Wrapping up a five-day Washington visit that included meetings with Vice President Dick Cheney and Defense Secretary Robert M. Gates, Mr. Klaus said the global warming movement was based on shaky science, a distrust of free markets and a preference for central bureaucratic control over individual freedom.

"Environmentalism only pretends to deal with environmental protection," Mr. Klaus said in an address to the libertarian Cato Institute. "Behind the terminology is really an ambitious attempt to radically reorganize the world."

Just hours before he spoke, EU leaders meeting in Brussels reached a deal to set binding targets on increased renewable energy, reduced greenhouse gas emissions and other measures designed to cut energy use.

The EU deal was a personal triumph for German Chancellor Angela Merkel, who pushed for an agreement at the two-day summit as the current chairman of the bloc.

The Czech Republic and other fast-growing East European countries, many still with smokestack industries heavily dependent on coal and oil, had balked at tougher conservation targets favored by more prosperous EU members to the west.

Mr. Klaus declined to criticize Czech officials who signed the deal, saying his government had pressed for a "milder" outcome and is "trying to find a rational way" to deal with the climate change issue.

As president of an EU state neighboring EU powerhouse Germany, Mr. Klaus said he would not be "organizing opposition" to Mrs. Merkel's agreement, but left little doubt he opposed the spirit and the substance of the EU energy pact.

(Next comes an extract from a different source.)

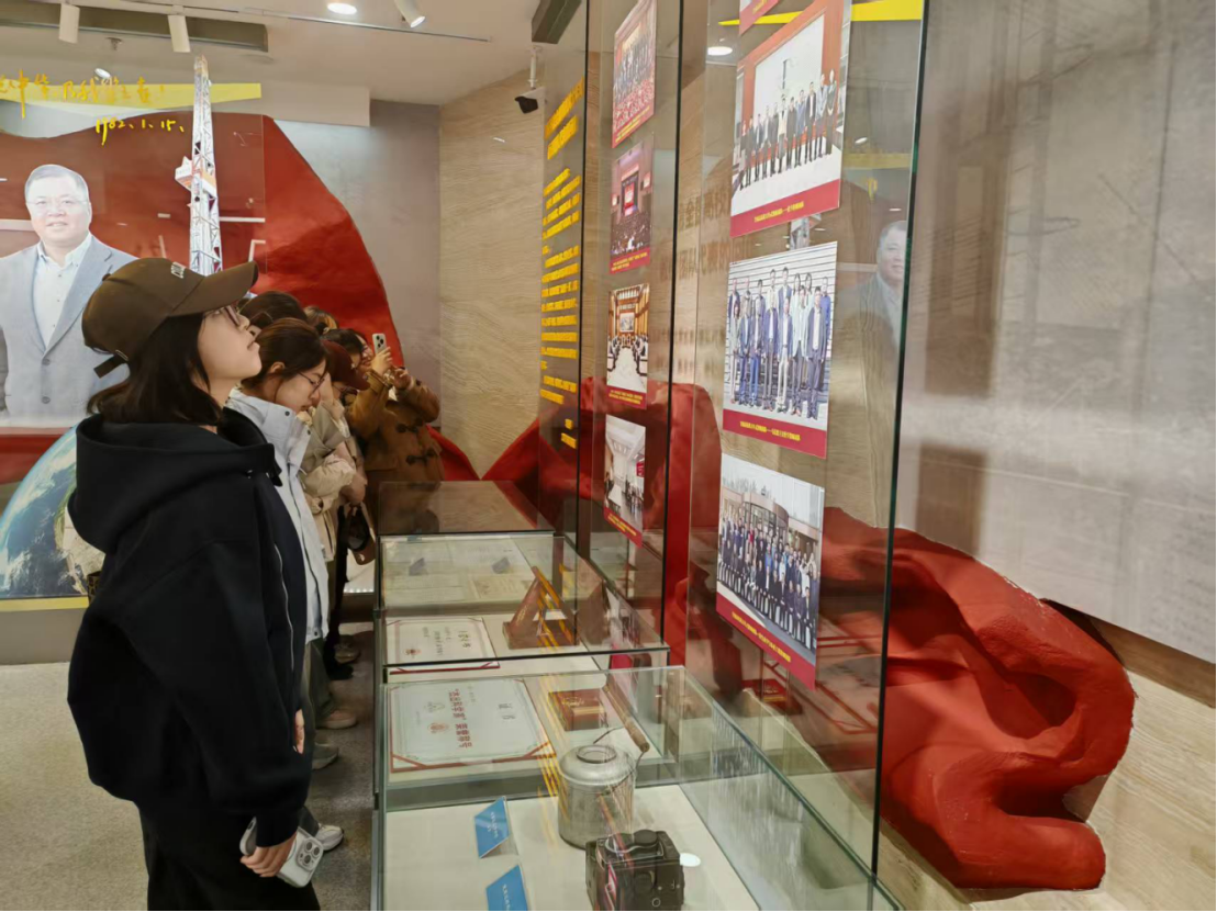 序启新程,薪火相传。走进校史馆序厅,“求实创新、励志图强”的校训熠熠生辉,同学们在讲解员的引导下,沿着公司的历史发展脉络,依次参观了“光辉岁月”“拓业先贤”“继往开来”“杏坛翘楚”“星光璀璨”等展区,通过一幅幅珍贵的历史照片和一件件厚重的实物展品,重温了公司砥砺奋进的办学历程。

The Brussels deal put off one of the toughest decisions: While the EU nations as a whole committed to a 20 percent boost by 2020 in the use of renewable energy such as wind and solar power, the targets for individual countries will be set at a later date.

Currently, the EU average for renewable fuels as a percentage of total use is around 7 percent.

Setting those national targets "will be a huge, huge job from a legal and technical point of view," Jose Manuel Barroso, president of the European Commission, the EU executive arm, told reporters.

Other key aspects of the deal include:

c By 2020, EU leaders agreed to cut carbon emissions by 20 percent, compared to 1990 levels. Mrs. Merkel said she would press world leaders at this summer's Group of Eight summit in Germany to boost that target to 30 percent, if other major producers would match the EU cuts.

c The leaders made a "political commitment" to have at least 10 percent of all cars and trucks in the bloc running on plant-based "biofuels," also by 2020.

• EU officials said they would also consider a ban on filament light bulbs in the next few years, forcing a switch to a new generation of more expensive but longer-lasting fluorescent bulbs.

Mr. Barroso said the Brussels deal will give EU countries negotiating leverage to press the United States and major developing countries like India and China to cut their own carbon emissions. But critics said Europe's difficulty in targets set in the Kyoto climate change pact for 2012 could undercut that leverage.

Mr. Klaus said the global warming movement was just the latest environmental scare campaign, following on the short-lived fears of a population explosion in the 1970s and the expanding ozone hole in the 1980s.

"They keep shooting at a moving target," he said.